_Exercise instructions_.
Copy, word for word, the lines of the listing below from the line with "Na snimku se" up to and including the line with "自营摩霄餐边柜一体靠墙厨房橱柜储物收纳碗柜多功能带门置物架子三层灰60". Drop the pictures.

_Data extracts_.
================================
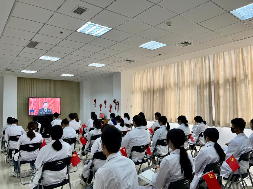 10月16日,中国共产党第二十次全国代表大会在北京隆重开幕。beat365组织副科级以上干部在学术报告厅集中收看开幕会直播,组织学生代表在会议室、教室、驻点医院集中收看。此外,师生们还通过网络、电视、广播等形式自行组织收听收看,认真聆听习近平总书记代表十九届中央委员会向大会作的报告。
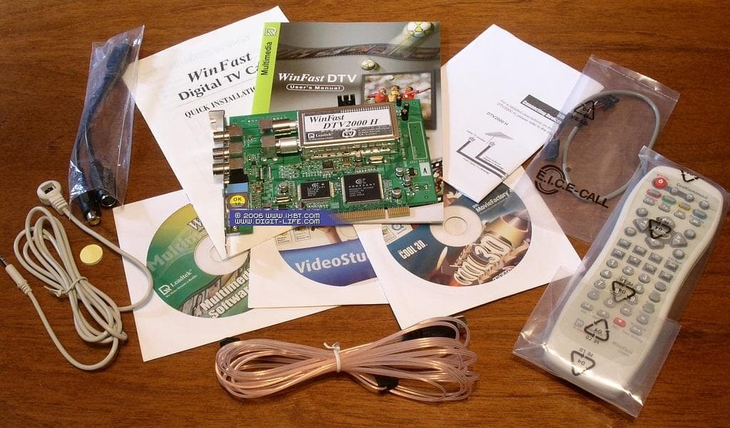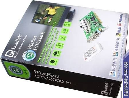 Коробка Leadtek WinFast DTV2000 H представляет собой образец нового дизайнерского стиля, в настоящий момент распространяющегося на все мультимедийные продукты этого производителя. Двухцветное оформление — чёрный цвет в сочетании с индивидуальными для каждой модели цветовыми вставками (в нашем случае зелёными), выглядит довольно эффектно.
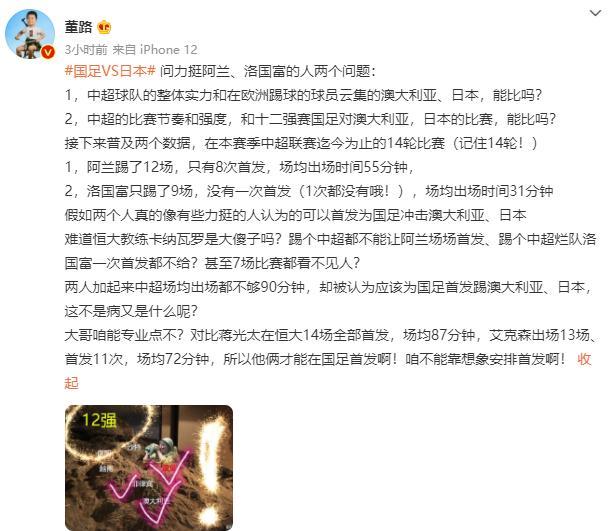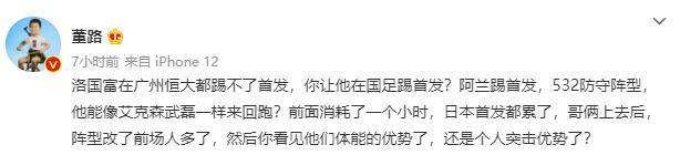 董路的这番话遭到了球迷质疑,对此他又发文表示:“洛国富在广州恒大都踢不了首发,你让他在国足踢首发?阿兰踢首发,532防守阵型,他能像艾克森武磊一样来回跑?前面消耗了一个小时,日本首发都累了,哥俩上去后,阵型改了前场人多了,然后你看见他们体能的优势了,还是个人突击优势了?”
================================
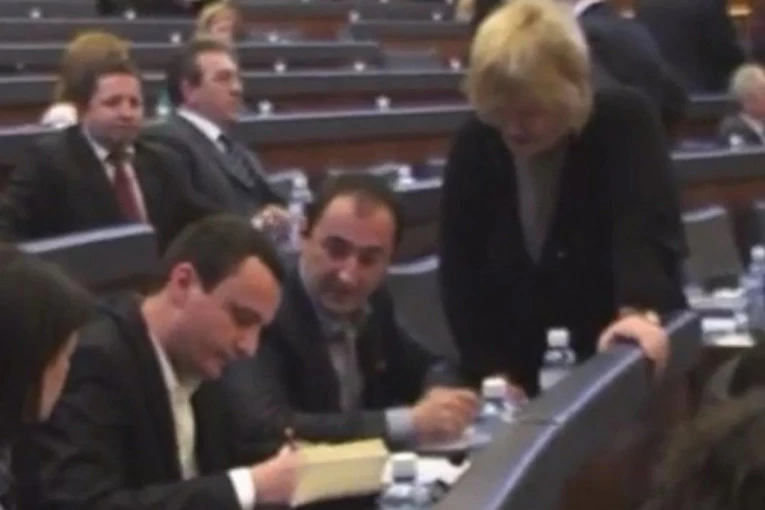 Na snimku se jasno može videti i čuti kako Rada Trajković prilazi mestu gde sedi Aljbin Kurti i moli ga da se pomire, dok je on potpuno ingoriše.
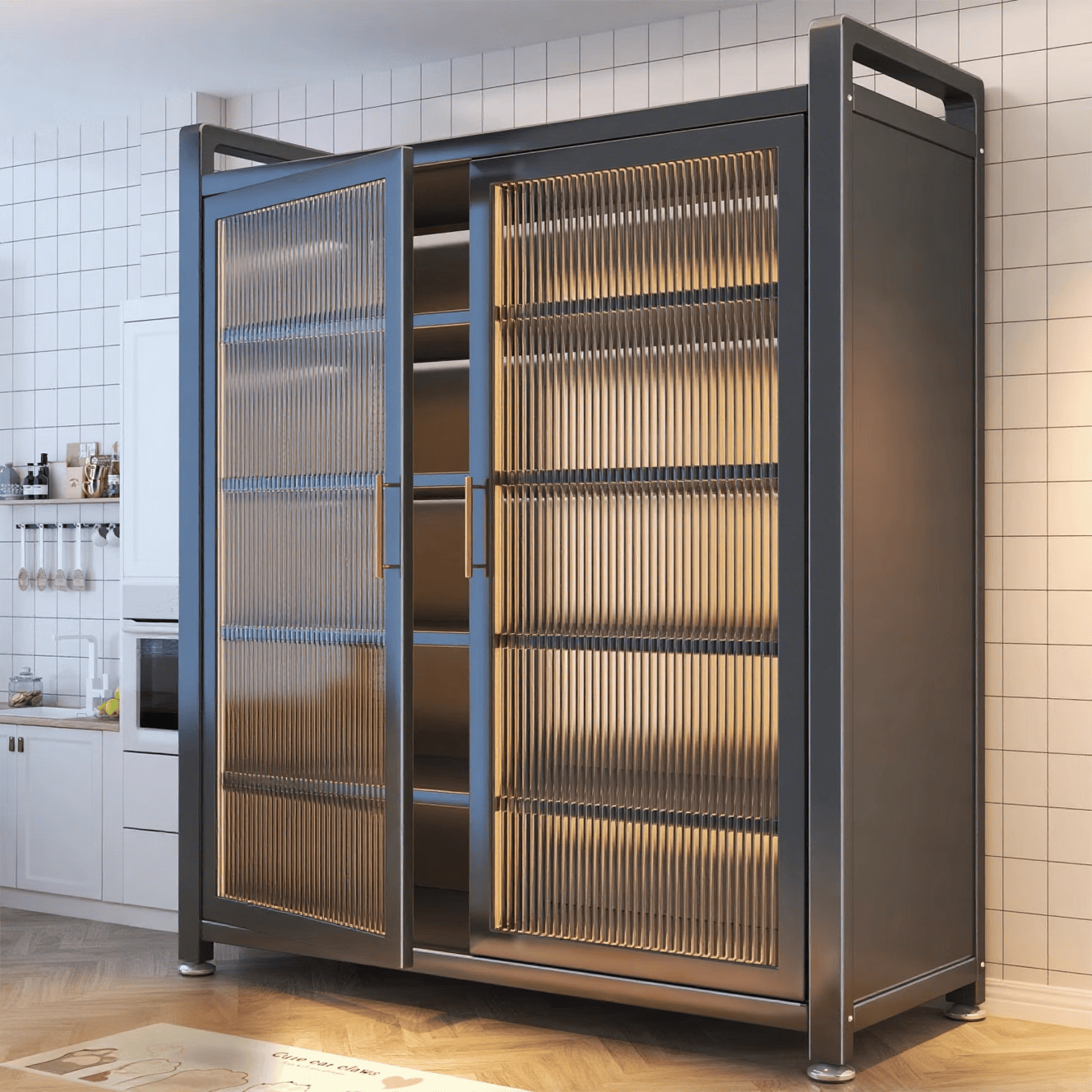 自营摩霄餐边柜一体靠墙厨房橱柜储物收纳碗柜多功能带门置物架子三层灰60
================================
_Written answer_.
 Na snimku se jasno može videti i čuti kako Rada Trajković prilazi mestu gde sedi Aljbin Kurti i moli ga da se pomire, dok je on potpuno ingoriše.
 自营摩霄餐边柜一体靠墙厨房橱柜储物收纳碗柜多功能带门置物架子三层灰60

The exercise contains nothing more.